# Regarding chicago code



## the catfish (Nov 30, 2007)

fridaymean said:


> It depends on how custom the house is. A basic house, no frills, little recessed lighting or extras, ad-ons etc.....7 days or so. Some houses we have done in the 5K sq ft + range with 200ish cans (32 4"ers in the Overhangs) have taken 3-3.5 weeks to rough.


 
That's quick considering the techniques involved. I guess it's like anything else, you get used to it, but the cost involved must be substantially more. How many guys are you talkin?


----------



## neolitic (Apr 20, 2006)

fridaymean said:


> Actually, it wasn't (isn't) the fire. That was from a cow.





mickeyco said:


> Chicago has their very own electric code, not the NEC, and absolutely no romex at all in Chicago and most of the surrounding areas (they use the NEC, all different years, with amendments requiring emt). With bx, greenfield or whatever you call it you are limited to a few feet (I think it's 3 or 6 feet in Chicago)..



I still say there is a direct line between this
and the summer of 1871.
All Chicago codes seem to reflect this thinking.
(That and perhaps the palm grease tradition)


----------



## fridaymean (Feb 17, 2006)

mdshunk said:


> Do they drop the ceilings in the rooms or lath them down with 2x's? I ask because I see a stub out of the top of the wall in your one pic.


No, those were both pictures of the panels with home runs.
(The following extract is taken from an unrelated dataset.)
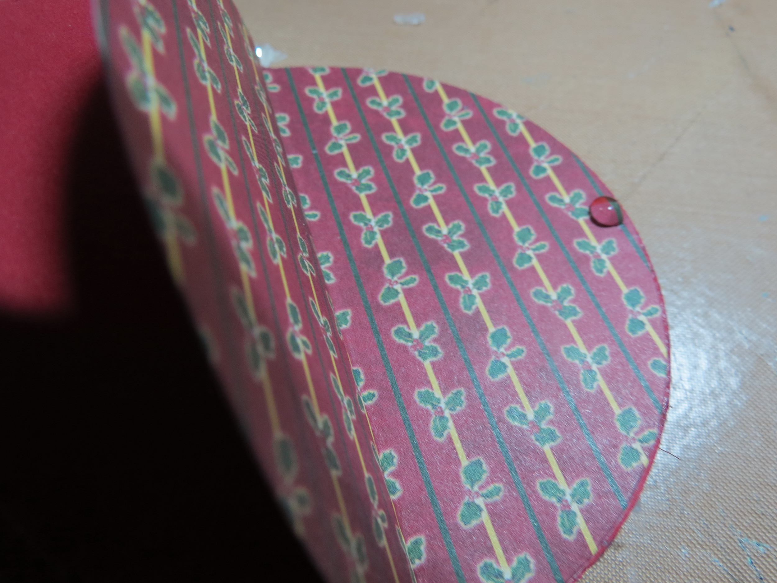 To finish the ornament off I added glue to the messy spots on top and bottom and at the glued edge and then sprinkled glitter to add a bit of sparkle

Both were in basements. The one without drywall was in a closet (room) that was 38" x 8' or so of a finished basement. We have to drill anything on the first floor in the ceiling.


----------



## fridaymean (Feb 17, 2006)

the catfish said:


> So does that mean there are alot of people that add romex to their existing electrical systems? Are they required to redo any such additions when they go to sell there homes?


Yes, and Yes. I have heard of two towns where the city will inspect when a house is sold. We get those calls too.


----------



## neolitic (Apr 20, 2006)

So when you cross a 1st floor ceiling/2nd floor joist,
you're using lots of 14½" conduit and emt connectors?
No greenfield?


----------



## fridaymean (Feb 17, 2006)

the catfish said:


> That's quick considering the techniques involved. I guess it's like anything else, you get used to it, but the cost involved must be substantially more. How many guys are you talkin?


2-5 guys depending on the day, schedule, etc. Mostly two. I remember specificaly one job 5+ years ago, there was that debate whether to use romex or emt (in Batavia, Tony) with the GC. The owner wanted to cut cost. The savings was between $500-1K. Not much. Granted, that was before huge increases in commodities valuations. We prefer pipe anyway. Romex isn't a huge time saver because we don't use it enough.


----------



## fridaymean (Feb 17, 2006)

neolitic said:


> So when you cross a 1st floor ceiling/2nd floor joist,
> you're using lots of 14½" conduit and emt connectors?
> No greenfield?


Yes, lots of scraps and couplings.


----------



## neolitic (Apr 20, 2006)

fridaymean said:


> Yes, lots of scraps and couplings.


Brrrrrrrrr!

Thank you,:notworthy
you may stand down now. :laughing::clap:


----------



## JBrzoz00 (Jan 11, 2011)

So you still have to run emt perpendicular through wood framing? Can't use MC? I'd like to see more pics if you have them.


----------



## rselectric1 (Sep 20, 2009)

JBrzoz00 said:


> So you still have to run emt perpendicular through wood framing? Can't use MC? I'd like to see more pics if you have them.


New construction in almost all Chicagoland is EMT ONLY. (The only exceptions are usually concealed spaces in remodeling only) No NM is allowed at all.


----------



## Tiger (Nov 21, 2007)

neolitic said:


> So when you cross a 1st floor ceiling/2nd floor joist,
> you're using lots of 14½" conduit and emt connectors?
> No greenfield?


I don't do new construction, but when I add 4 ceiling fans to a house it's in emt in most towns. 

Actually there is very little crossing of joists. The main level outlets are run through the basement (below the joists) and the second floor outlets are run through the attic (above the joists). It uses more conduit and less labor. Conduit is cheap compared to labor.

I have a neighbor/carpenter who built new homes for most of his career. He told me once the EC crew had 3 days to rough-in emt. My guess is if they can do rough in 3 days, they can do final in one.


----------



## thom (Nov 3, 2006)

I grew up and learned the trades in Chicago. I'd never seen romex until I moved shop to Albuquerque. I was amazed that guys would run "extension cords" in the walls. When I constructed my own house here in Albuq back in 1982 I did it all in emt. At the time I thought emt was better. Today I would argue that functionally they are equal and romex is faster/cheaper making romex a better product for wiring houses.


----------